◆ **Data shown**:
--

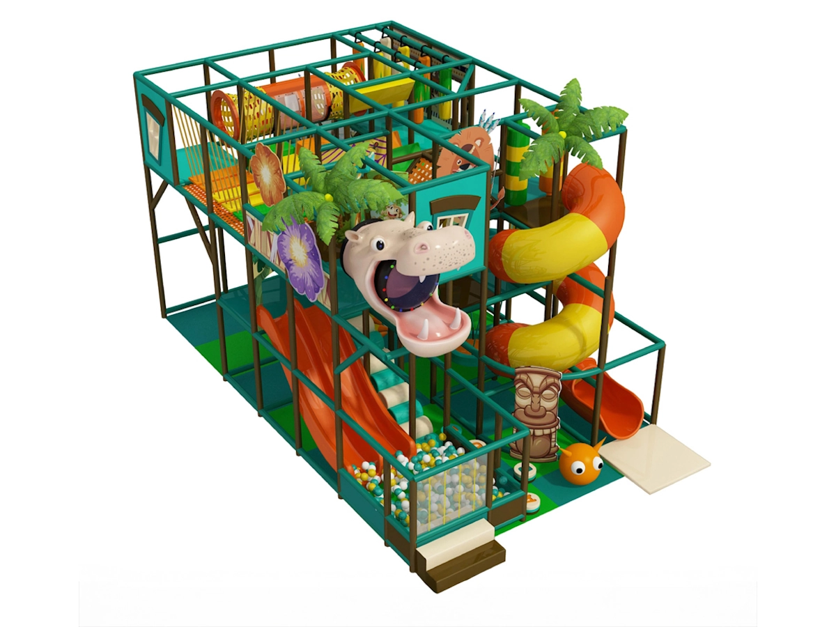 Grande structure de jeux d’intérieur sur le thème de la jungle, idéale pour les ludothèques, les centres de divertissement familial (FEC), les centres commerciaux, les espaces d’anniversaire et les espaces intérieurs pour enfants.
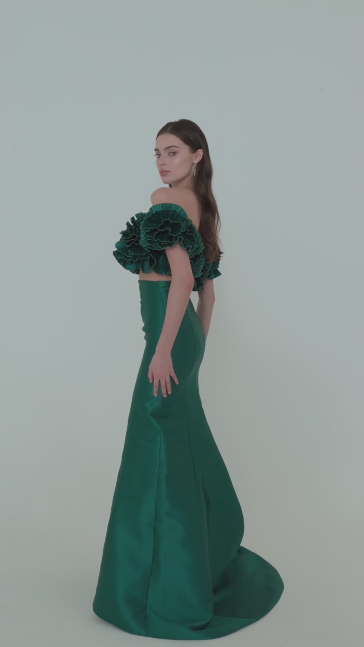 Layered ruffles bloom along the off-shoulder bodice, forming a romantic floral line. A high-waisted skirt flows into a soft mermaid shape. A versatile option for receptions and cocktail hours.
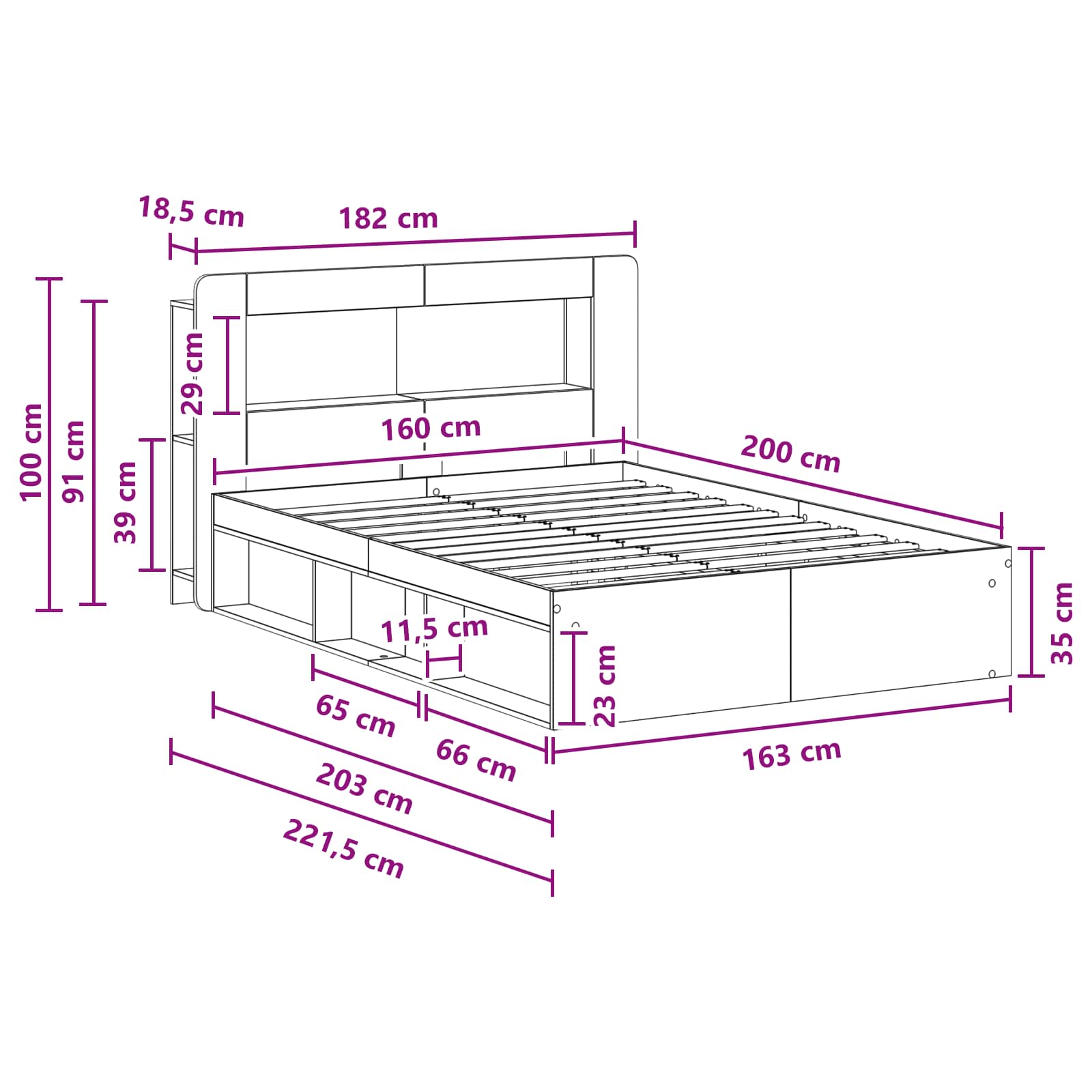 • 1 x Sänky: 163 x 203 x 35 cm (P x L x K)

--

◆ **Task description**:
Take the line with "Layered ruffles bloom" and each line after it through the end of the material above, and reproduce them exactly, both ends included, without pictures.

◆ **Task response**:
 Layered ruffles bloom along the off-shoulder bodice, forming a romantic floral line. A high-waisted skirt flows into a soft mermaid shape. A versatile option for receptions and cocktail hours.
 • 1 x Sänky: 163 x 203 x 35 cm (P x L x K)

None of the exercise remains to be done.